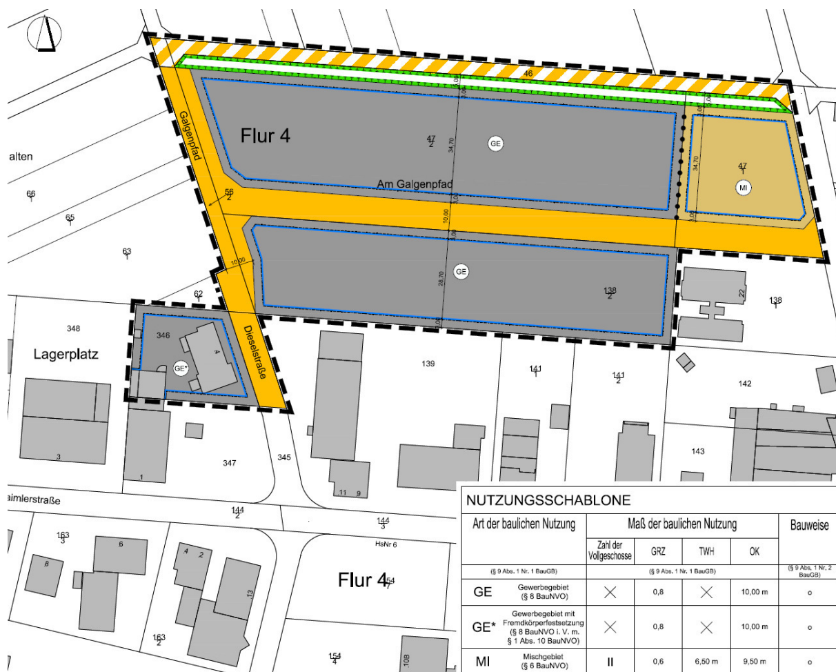
Abbildung 2: Entwurfsplanung

Auf dem nachstehenden Kartenauszug (INFRAPRO, 2019) ist die angestrebte Entwicklungssituation im Plangebiet zu ersehen.
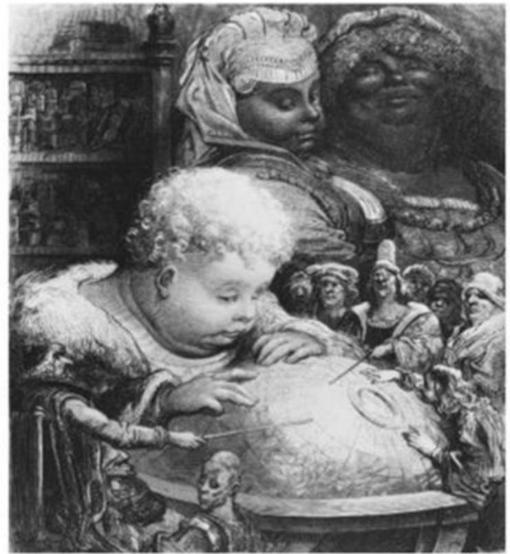
Юный Гаргантюа изучает глобус. Иллюстрация Гюстава Доре.
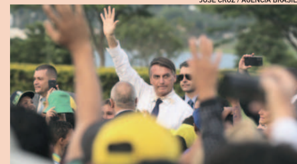
Bolsonaro é aguardado a partir de hoje para roteiro no Estado
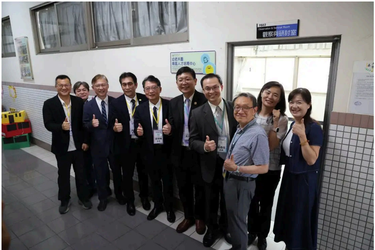
(圖說) 嘉藥是南部唯一「幼老共學南區人才培育中心」。
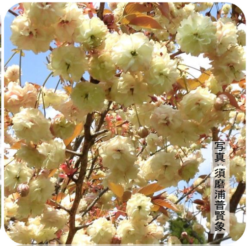
写真 須磨浦普賢象
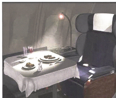
Konzept Swissair First Class

Die direkten Produktkosten müssen in einer vorbestimmten Bandbreite liegen, wie auch die indirekten Kosten, soweit sie von unserer Seite beeinflussbar sind. Als Beispiel sei hier nur das Warengewicht von Stoff und Teppich genannt, mit dem wir die Brennstoffkosten niedriger halten können. Beim Einsatz in einem wide body Flugzeug kann dies leicht einige 100 kg ausmachen. Der Schlüssel zum Erfolg liegt auch hier darin, die richtige Balance zu finden und diese mit dem Kunden abzusprechen.
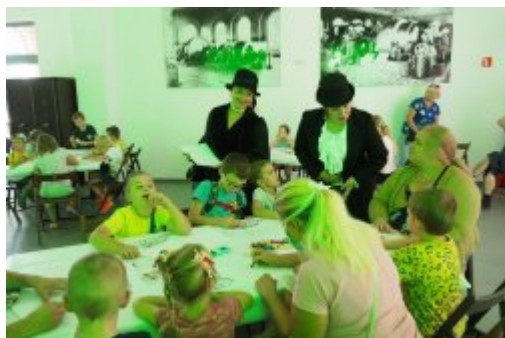
Industriada 2021 w Czeladzi

W sobotę, 11 września, w całym województwie fani techniki mieli swoje święto. Wszystko za sprawą Industriady, która co roku cieszy się ogromnym zainteresowaniem. Nie inaczej było w Czeladzi.
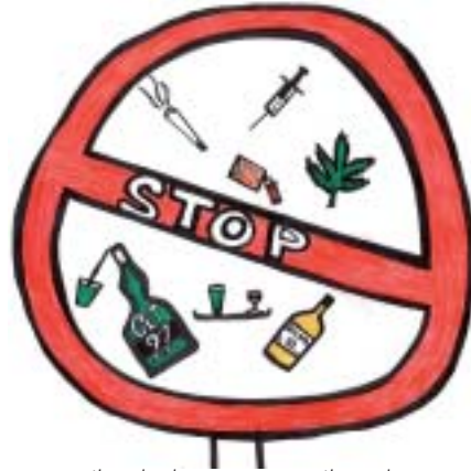
La consommation de drogue : une pratique dangereuse. Dessin de Guillaume.

ressentir des instants euphoriques et 20 % car ils sont mal dans leur peau et ne veulent pas se sentir écartés. Pour la plupart (90 %), les jeunes boivent lors des fêtes entre amis, pour des anniversaires ou autres réceptions et 10 % boivent régulièrement voire systématiquement sans
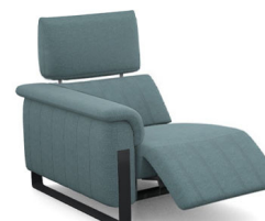
B100EL (86 cm x 95 cm x 100 cm) (56 kg / 1 pcs)
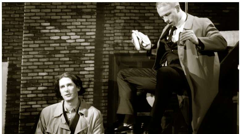
Szenenfoto aus «Angels in America», Teil 1, Theater St. Gallen, Studiobühne, 2004

wortung ohne Zwang, also von einer Kampagne, die auf Lernbereitschaft aufbaut und die Solidarität mit den Menschen mit HIV und AIDS in den Mittelpunkt stellt, muss immer wieder neu erkämpft werden. Auch wir von der AGSGA wurden noch Mitte der Neunzigerjahre bei Auseinandersetzungen rund um das Lehrmittel «Sexualerziehung und AIDS» als «Saukerle» bezeichnet, welche die Jugend zum Sex verführten. Deshalb lohnt es sich, wachsam zu bleiben. Hierbei können die Botschaften von Tony Kushners «Angels in America» zu AIDS, Homosexualität und den Dramen menschlicher Beziehungen helfen. Das Stück ist eine tiefgründige Auseinandersetzung mit AIDS und Homosexualität, gleichzeitig aber auch eine Auseinandersetzung mit grundlegenden Fragen nach Leben und Tod.
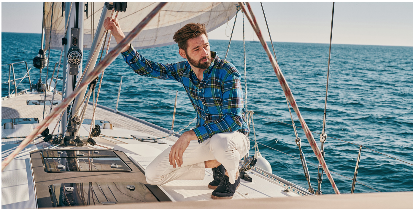
[Spain] Henry Cotton's #3 2022 S/S
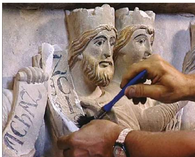
fig. 3 - Fotogramma dal film Santa Maria di Vezzolano. Il restauro dello Jubé di Fedele Aula (Italia 1998).

Il ritmo del film è scandito da successioni musicali d'osservazione delle attività, dalla voce fuori campo su panoramiche esterne e interne, dettagli, ritratti. La narrazione si caratterizza dalla scelta di usare una giornata in particolare come dispositivo di scoperta
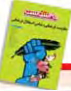
مقاومت فرهنگی شامن استقلال فرهنگی
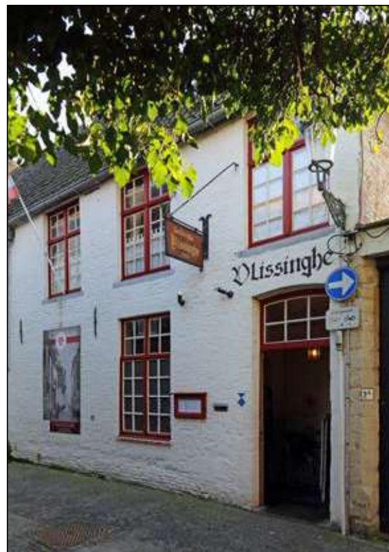
Café Vlissinghe te Brugge.

Straten die zijn genoemd naar Vlissingen treffen we vanzelfsprekend aan op diverse plaatsen in Nederland. Maar ook in het buitenland ontbreekt de Walcherse stad niet. Zowel ver weg, in het Zuid Amerikaanse land Guyana, als dichterbij huis, in Allen-
= = = = = = =
# Assignment
Only the lines between the one with "La consommation de" and the one with "Il ritmo del", those two included, get copied from the material above. Keep it exact and free of pictures.

# Task response
La consommation de drogue : une pratique dangereuse. Dessin de Guillaume.

ressentir des instants euphoriques et 20 % car ils sont mal dans leur peau et ne veulent pas se sentir écartés. Pour la plupart (90 %), les jeunes boivent lors des fêtes entre amis, pour des anniversaires ou autres réceptions et 10 % boivent régulièrement voire systématiquement sans
B100EL (86 cm x 95 cm x 100 cm) (56 kg / 1 pcs)
Szenenfoto aus «Angels in America», Teil 1, Theater St. Gallen, Studiobühne, 2004

wortung ohne Zwang, also von einer Kampagne, die auf Lernbereitschaft aufbaut und die Solidarität mit den Menschen mit HIV und AIDS in den Mittelpunkt stellt, muss immer wieder neu erkämpft werden. Auch wir von der AGSGA wurden noch Mitte der Neunzigerjahre bei Auseinandersetzungen rund um das Lehrmittel «Sexualerziehung und AIDS» als «Saukerle» bezeichnet, welche die Jugend zum Sex verführten. Deshalb lohnt es sich, wachsam zu bleiben. Hierbei können die Botschaften von Tony Kushners «Angels in America» zu AIDS, Homosexualität und den Dramen menschlicher Beziehungen helfen. Das Stück ist eine tiefgründige Auseinandersetzung mit AIDS und Homosexualität, gleichzeitig aber auch eine Auseinandersetzung mit grundlegenden Fragen nach Leben und Tod.
[Spain] Henry Cotton's #3 2022 S/S
fig. 3 - Fotogramma dal film Santa Maria di Vezzolano. Il restauro dello Jubé di Fedele Aula (Italia 1998).

Il ritmo del film è scandito da successioni musicali d'osservazione delle attività, dalla voce fuori campo su panoramiche esterne e interne, dettagli, ritratti. La narrazione si caratterizza dalla scelta di usare una giornata in particolare come dispositivo di scoperta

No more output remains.